About this exercise >> Required from the data below: the exact lines starting at the line containing "校友代表、机械工程学院79级" and ending at the line containing "2月24日,中山市卓雅外國(guó)語(yǔ)學(xué", with both ends kept and all pictures dropped.

Dataset entries >>
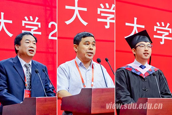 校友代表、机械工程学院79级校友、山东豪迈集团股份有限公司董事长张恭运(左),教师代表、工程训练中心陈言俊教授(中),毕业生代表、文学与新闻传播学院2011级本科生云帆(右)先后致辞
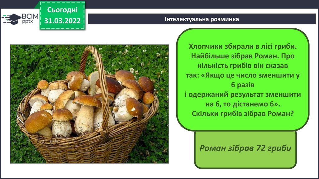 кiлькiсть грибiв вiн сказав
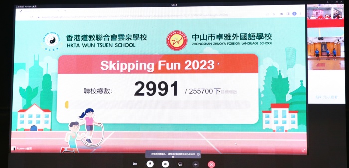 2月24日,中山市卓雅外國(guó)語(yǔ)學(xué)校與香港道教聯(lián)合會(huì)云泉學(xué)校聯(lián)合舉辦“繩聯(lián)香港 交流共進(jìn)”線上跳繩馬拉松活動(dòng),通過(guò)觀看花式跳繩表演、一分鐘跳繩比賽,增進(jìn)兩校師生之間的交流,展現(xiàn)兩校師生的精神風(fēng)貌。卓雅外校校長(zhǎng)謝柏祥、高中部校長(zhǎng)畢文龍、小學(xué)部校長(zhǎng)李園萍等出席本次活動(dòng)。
---
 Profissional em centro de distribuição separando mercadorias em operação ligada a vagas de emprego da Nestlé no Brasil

Answer section >>
 校友代表、机械工程学院79级校友、山东豪迈集团股份有限公司董事长张恭运(左),教师代表、工程训练中心陈言俊教授(中),毕业生代表、文学与新闻传播学院2011级本科生云帆(右)先后致辞
 кiлькiсть грибiв вiн сказав
 2月24日,中山市卓雅外國(guó)語(yǔ)學(xué)校與香港道教聯(lián)合會(huì)云泉學(xué)校聯(lián)合舉辦“繩聯(lián)香港 交流共進(jìn)”線上跳繩馬拉松活動(dòng),通過(guò)觀看花式跳繩表演、一分鐘跳繩比賽,增進(jìn)兩校師生之間的交流,展現(xiàn)兩校師生的精神風(fēng)貌。卓雅外校校長(zhǎng)謝柏祥、高中部校長(zhǎng)畢文龍、小學(xué)部校長(zhǎng)李園萍等出席本次活動(dòng)。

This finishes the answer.